# Miniature HP Sauce bottle



## Hallibag (Mar 28, 2018)

Earlier today, I found this miniature 3-1/2" tall HP Sauce bottle in an old house. It still has its original cork inside. Now, I've been unable to find an example of a similar bottle. Can anyone tell me when this dates to? Thanks!


----------



## CanadianBottles (Mar 28, 2018)

Oh I've got one of those!  Mine is a bit newer than yours, since yours appears to be hand-tooled.  It probably dates to the first couple decades of the 20th century, if it's British then dating from the 1910s to 30s or so, and if it's American then somewhat earlier - not sure if HP Sauce was ever particularly popular in the US though.


----------



## Hallibag (Mar 29, 2018)

Thank you, CanadianBottles!

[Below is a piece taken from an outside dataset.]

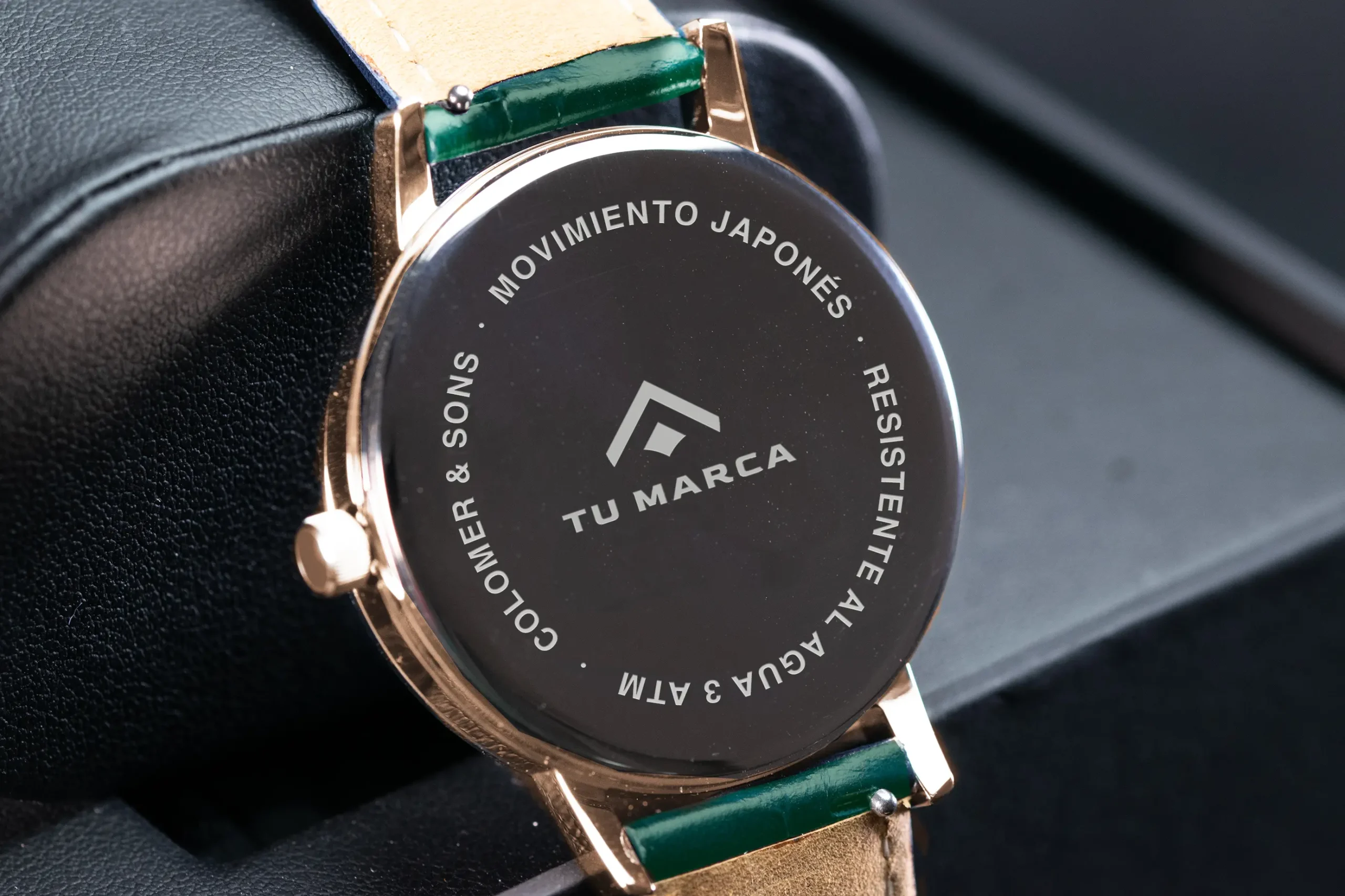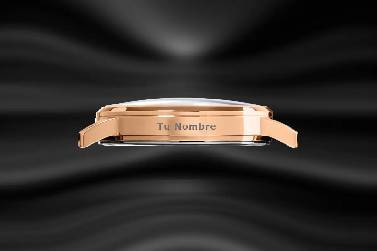 Personalizamos la tapa trasera de cada reloj con el logo de tu marca o cualquier inscripción especial. Puede ser un aniversario, un evento corporativo, una fecha memorable o un mensaje único. Este detalle convierte cada pieza en un reloj exclusivo y lleno de significado. Una forma elegante de hacer que tu regalo o recuerdo sea verdaderamente irrepetible.

The bottle was found in Cannington, Ontario. Was HP Sauce manufactured here in Canada back then?


----------



## CanadianBottles (Mar 29, 2018)

Oh yeah that one might be of Canadian origin then, in which case it's probably 1900s-1920s or so.  I don't know whether it was manufactured here or not but it was definitely popular here.


----------



## Hallibag (Apr 4, 2018)

Super, thanks again for all your help!


----------